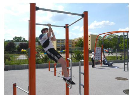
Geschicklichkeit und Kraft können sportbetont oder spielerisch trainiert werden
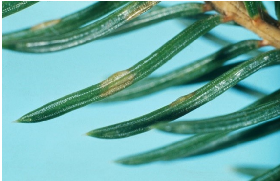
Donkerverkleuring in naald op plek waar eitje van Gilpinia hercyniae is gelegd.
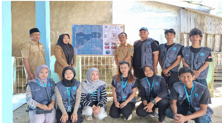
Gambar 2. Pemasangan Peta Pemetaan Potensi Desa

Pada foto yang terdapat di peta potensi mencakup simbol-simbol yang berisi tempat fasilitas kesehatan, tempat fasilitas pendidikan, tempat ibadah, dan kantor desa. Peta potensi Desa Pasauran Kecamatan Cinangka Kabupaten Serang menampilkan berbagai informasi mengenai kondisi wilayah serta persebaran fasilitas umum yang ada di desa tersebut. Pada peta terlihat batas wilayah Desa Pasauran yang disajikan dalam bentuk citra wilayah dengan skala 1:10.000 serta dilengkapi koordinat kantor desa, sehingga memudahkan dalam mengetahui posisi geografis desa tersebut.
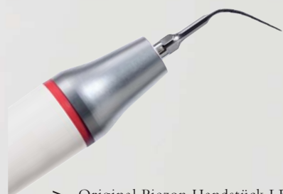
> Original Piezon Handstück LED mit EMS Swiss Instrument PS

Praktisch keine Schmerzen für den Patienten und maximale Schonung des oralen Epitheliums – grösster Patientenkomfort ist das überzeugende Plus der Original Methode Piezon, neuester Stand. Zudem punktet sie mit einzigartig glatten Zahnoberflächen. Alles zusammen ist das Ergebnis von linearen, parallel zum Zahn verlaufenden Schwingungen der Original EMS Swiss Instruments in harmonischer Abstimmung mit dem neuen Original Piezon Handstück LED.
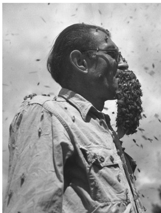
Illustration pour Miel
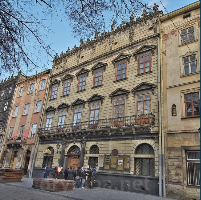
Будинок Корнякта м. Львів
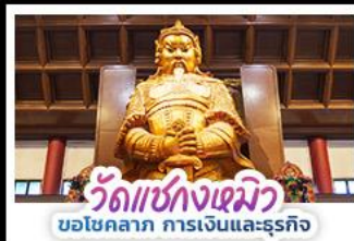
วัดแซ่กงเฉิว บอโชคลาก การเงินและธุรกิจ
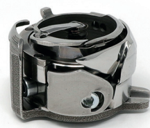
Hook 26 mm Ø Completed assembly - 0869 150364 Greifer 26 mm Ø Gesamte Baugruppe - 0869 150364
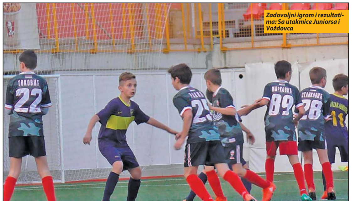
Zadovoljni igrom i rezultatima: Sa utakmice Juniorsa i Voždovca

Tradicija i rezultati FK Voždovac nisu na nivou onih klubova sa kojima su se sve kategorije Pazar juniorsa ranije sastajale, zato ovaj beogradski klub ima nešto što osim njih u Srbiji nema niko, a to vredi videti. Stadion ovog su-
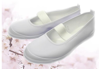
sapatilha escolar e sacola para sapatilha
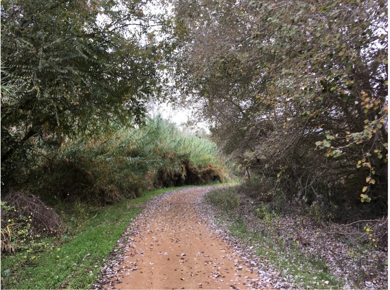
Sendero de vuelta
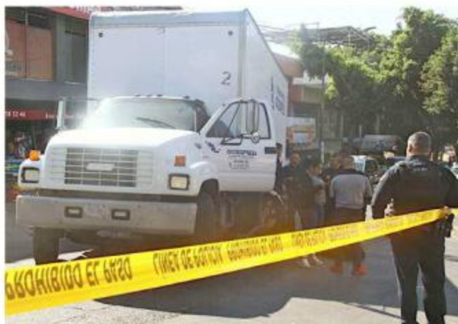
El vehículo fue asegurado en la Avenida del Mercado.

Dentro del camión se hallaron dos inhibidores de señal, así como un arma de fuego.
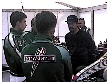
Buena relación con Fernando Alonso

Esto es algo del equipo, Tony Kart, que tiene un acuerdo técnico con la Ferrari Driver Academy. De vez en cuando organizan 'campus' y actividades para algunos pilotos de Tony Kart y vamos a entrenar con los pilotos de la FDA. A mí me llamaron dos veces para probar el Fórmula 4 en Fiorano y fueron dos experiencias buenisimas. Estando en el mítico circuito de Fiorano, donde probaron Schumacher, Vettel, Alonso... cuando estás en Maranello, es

EXERCISE OBJECTIVE: Output all the material exactly. The pictures are to be left out.

ANSWER SPACE:
Geschicklichkeit und Kraft können sportbetont oder spielerisch trainiert werden
Donkerverkleuring in naald op plek waar eitje van Gilpinia hercyniae is gelegd.
Gambar 2. Pemasangan Peta Pemetaan Potensi Desa

Pada foto yang terdapat di peta potensi mencakup simbol-simbol yang berisi tempat fasilitas kesehatan, tempat fasilitas pendidikan, tempat ibadah, dan kantor desa. Peta potensi Desa Pasauran Kecamatan Cinangka Kabupaten Serang menampilkan berbagai informasi mengenai kondisi wilayah serta persebaran fasilitas umum yang ada di desa tersebut. Pada peta terlihat batas wilayah Desa Pasauran yang disajikan dalam bentuk citra wilayah dengan skala 1:10.000 serta dilengkapi koordinat kantor desa, sehingga memudahkan dalam mengetahui posisi geografis desa tersebut.
> Original Piezon Handstück LED mit EMS Swiss Instrument PS

Praktisch keine Schmerzen für den Patienten und maximale Schonung des oralen Epitheliums – grösster Patientenkomfort ist das überzeugende Plus der Original Methode Piezon, neuester Stand. Zudem punktet sie mit einzigartig glatten Zahnoberflächen. Alles zusammen ist das Ergebnis von linearen, parallel zum Zahn verlaufenden Schwingungen der Original EMS Swiss Instruments in harmonischer Abstimmung mit dem neuen Original Piezon Handstück LED.
Illustration pour Miel
Будинок Корнякта м. Львів
วัดแซ่กงเฉิว บอโชคลาก การเงินและธุรกิจ
Hook 26 mm Ø Completed assembly - 0869 150364 Greifer 26 mm Ø Gesamte Baugruppe - 0869 150364
Zadovoljni igrom i rezultatima: Sa utakmice Juniorsa i Voždovca

Tradicija i rezultati FK Voždovac nisu na nivou onih klubova sa kojima su se sve kategorije Pazar juniorsa ranije sastajale, zato ovaj beogradski klub ima nešto što osim njih u Srbiji nema niko, a to vredi videti. Stadion ovog su-
sapatilha escolar e sacola para sapatilha
Sendero de vuelta
El vehículo fue asegurado en la Avenida del Mercado.

Dentro del camión se hallaron dos inhibidores de señal, así como un arma de fuego.
Buena relación con Fernando Alonso

Esto es algo del equipo, Tony Kart, que tiene un acuerdo técnico con la Ferrari Driver Academy. De vez en cuando organizan 'campus' y actividades para algunos pilotos de Tony Kart y vamos a entrenar con los pilotos de la FDA. A mí me llamaron dos veces para probar el Fórmula 4 en Fiorano y fueron dos experiencias buenisimas. Estando en el mítico circuito de Fiorano, donde probaron Schumacher, Vettel, Alonso... cuando estás en Maranello, es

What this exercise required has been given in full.